Gee, that depends on how you look at it. A 335i might get 18 mpg overall vs 26 mpg for the 335d. With diesel costing 10% more than premium, over 200,000 miles, the savings would be as follows:

Cost of fuel for 335i with 18 mpg and premium at $3.75/gal in 200,000 miles: $41,667
Cost of diesel for 335d with 26 mpg and diesel at $4.00/gal in 200,000 miles: $30,769

The fuel savings is substantial. At the end of 200,000 miles, there may be a premium in the diesel's resale value as much as $5000. This was my experience with the 2005 E320 CDI that I sold to my mechanic at 203,000 miles. I might have been ahead of a less powerful, less responsive gasoline version to the tune of $15,000 in expenses, not to mention what an equally powerful V8 engine would have cost in comparison instead.

Gasoline engines have their own issues during 200,000 miles, the fuel pump, top end, and fuel injectors themselves as problem areas. It seems that a DPF problem would not occur with every 335d out there either.

Do the Math. I don't believe a 335i gets much North of 20 mpg average, but your numbers may differ according to the driving you do. Many 335d owners average over 32 mpg.

PL


----------



## Snipe656 (Oct 22, 2009)

My experience with selling and buying 200k miled cars is most are all around the same cost if they looking at like conditioned cars at least.


----------



## KF (Jan 4, 2012)

*DPF Cost*

Hi everyone,

Have you checked the cost of a BMW DPF? You may also need two replacements in your 200,000 miles too!
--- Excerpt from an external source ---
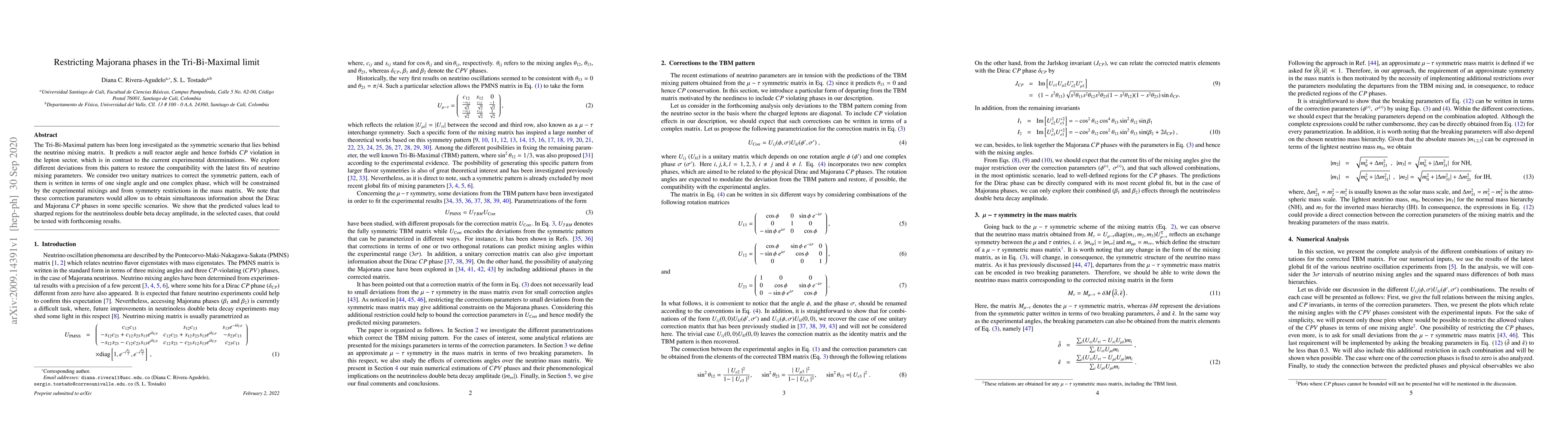 The Tri-Bi-Maximal pattern has been long investigated as the symmetric scenario that lies behind the neutrino mixing matrix. It predicts a null reactor angle and hence forbids $CP$ violation in the lepton sector, which is in contrast to the current experimental determinations. We explore different deviations from this pattern to restore the compatibility with the latest fits of neutrino mixing parameters. We consider two unitary matrices to correct the symmetric pattern, each of them is written in terms of one single angle and one complex phase, which will be constrained by the experimental mixings and from symmetry restrictions in the mass matrix. We note that these correction parameters would allow us to obtain simultaneous information about the Dirac and Majorana $CP$ phases in some specific scenarios. We show that the predicted values lead to sharped regions for the neutrinoless double beta decay amplitude, in the selected cases, that could be tested with forthcoming results.

Many are have to replace long before 100,000miles, typicle life being 120 thousand to 150 thousand kilometers.

Yes I understand that US diesels have addBlue which may extend the DPF life but the Australian cars do not and BMW Australia will not stand behind any DPF problems from new.

KF


----------



## Snipe656 (Oct 22, 2009)

I thought the life expectancy of a DPF was around 120-150k miles. I do believe places exist that can rebuild the old ones. I personally would just bypass it if I keep my car that long and it becomes an issue. I am figuring a straight pipe and a ECU flash will cost me about the same amount of money. I'd probably have the cat bypassed at the same time. In my mind once a car has that many miles it is all about making it last for the least amount of money.


----------



## Pierre Louis (Oct 23, 2011)

Snipe656 said:


> My experience with selling and buying 200k miled cars is most are all around the same cost if they looking at like conditioned cars at least.
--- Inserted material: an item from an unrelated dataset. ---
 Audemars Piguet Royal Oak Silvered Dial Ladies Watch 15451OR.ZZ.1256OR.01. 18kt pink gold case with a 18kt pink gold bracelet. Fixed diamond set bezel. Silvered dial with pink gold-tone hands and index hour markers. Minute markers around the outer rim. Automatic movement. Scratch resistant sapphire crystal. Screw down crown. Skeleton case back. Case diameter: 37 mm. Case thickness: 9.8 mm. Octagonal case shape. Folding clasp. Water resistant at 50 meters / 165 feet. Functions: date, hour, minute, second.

It may be also related to where you are dealing.

NADA guides for similar models of same condition figures show 2-3K difference w/ diesel coming out better:

All w/ 200,000 miles: trade in: rough/average/clean; clean retail
2005 E320 CDI w/HK stereo: $5,460/$7,910/$9,985; $13,385
2005 E320 w/HK stereo: $3,785/$6,060/$7,960; $11,135
2005 VW Passat GLS TDI turbo: $3,425/$4,725/$5,775; $8,675
2005 VW Passat GLS turbo: $1,570/$2,670/$3,570; $6,095

The cost of diesel when new for Mercedes was only about $1000 but the extra power was much more like the V8 version which was about 6-8K more and sells for prices closer to the above used.

I did a bit better than average and local/state auction prices were higher for the CDI at the time. My mechanic knew the car and how well it was taken care of too.
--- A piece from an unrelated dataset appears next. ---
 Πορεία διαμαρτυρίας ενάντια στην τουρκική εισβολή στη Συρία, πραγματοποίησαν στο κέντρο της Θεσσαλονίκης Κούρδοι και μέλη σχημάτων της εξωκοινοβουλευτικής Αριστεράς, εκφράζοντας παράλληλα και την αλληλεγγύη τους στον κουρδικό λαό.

It all depends on how much maintenance and repair go into the new diesel engine designs compared to equally complex gasoline direct injection engines over 200,000 miles. The DPF is an extra that is from too much government intrusion but has a silver lining.

Anyone familiar with the research on particulate matter can tell you they ignore the very small particulates that gasoline vehicles spew and that really do get into the lungs - likely worse than any diesel, but we might never find out because the research isn't being done. The research that is being done does not discount the large particulates that fall to the ground and are not inhaled because they take everything directly from the exhaust. But at least we can say our cars are extra clean, enough for the inside of the exhaust tips to be free of the black soot found on the cleanest hybrid gasoline cars.

I don't necessarily mind spending the extra money on the DPF which still can be recovered at resale and over time with fuel savings.

PL


----------



## Snipe656 (Oct 22, 2009)

There are of course exceptions to what I have experienced but those tend to be those rarely desirable cars. Heck people still pay stupid amounts of money for falling apart old Mercedes 240D models yet damn near anything else from that ere fetches about what it is worth in scrap metal. As I understand it people fight over getting CDI Mercedes and a lot of the TDI year ranges fetch huge premiums, both because of those models reputations.


----------



## Pierre Louis (Oct 23, 2011)

Snipe656 said:


> There are of course exceptions to what I have experienced but those tend to be those rarely desirable cars. Heck people still pay stupid amounts of money for falling apart old Mercedes 240D models yet damn near anything else from that ere fetches about what it is worth in scrap metal. As I understand it people fight over getting CDI Mercedes and a lot of the TDI year ranges fetch huge premiums, both because of those models reputations.


Yes, and your point is? Its the diesel engine that makes them so!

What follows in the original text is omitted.